Step 10: Enable Predefined Rules

Windows Server 2025 ships with hundreds of predefined rules for built-in services and roles. Enable them by name rather than recreating them:

# Enable all predefined rules for Remote Desktop
Enable-NetFirewallRule -DisplayGroup "Remote Desktop"

# Enable predefined rules for File and Printer Sharing
Enable-NetFirewallRule -DisplayGroup "File and Printer Sharing"

# List all available predefined groups
Get-NetFirewallRule | Select-Object -ExpandProperty DisplayGroup | Sort-Object -Unique

Conclusion

Windows Defender Firewall with Advanced Security on Windows Server 2025 is a powerful, layered security control that goes far beyond simple port blocking.

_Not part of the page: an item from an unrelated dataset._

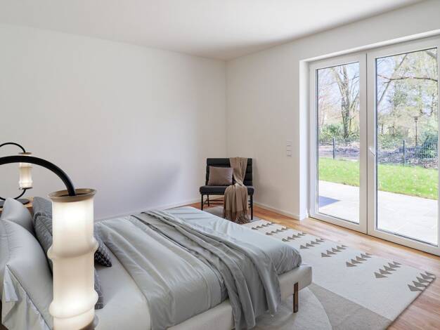 Barrierefreier Neubau (KfW-40, A+) direkt an den Laher Wiesen. Stilvolle 2-Zimmer-Gartenwohnung mit großzügigem Schnitt, Parkett, Fußbodenheizung, bodentiefen 3-fach-Fenstern und elektrischen Jalousi...
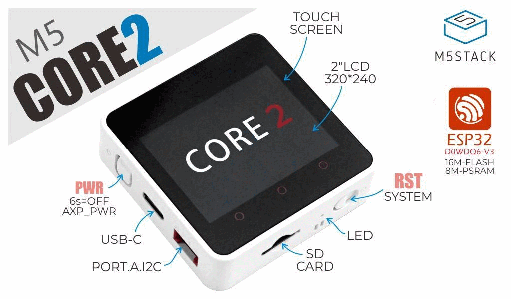 M5Stack core2 is the second generation core device in the M5Stack development kit series. The core2 features a 2" capacitive touchscreen, unlike its predecessor, making it very suitable to run openHASP. The device is packed with a beefy ESP32 model D0WDQ6-V3 and lots of sensors.

By combining PowerShell cmdlets like New-NetFirewallRule, Get-NetFirewallRule, Set-NetFirewallRule, and Remove-NetFirewallRule with profile-aware rules, IPsec connection security, and Group Policy deployment, you can build a defense-in-depth posture that limits blast radius in the event of a breach. Treat your firewall configuration as code: export it regularly, version-control it, and deploy it consistently across your server fleet via GPO or PowerShell DSC. The default deny-inbound posture of WFAS is your most valuable baseline — every rule you add is an explicit decision, and those decisions should be documented and reviewed periodically.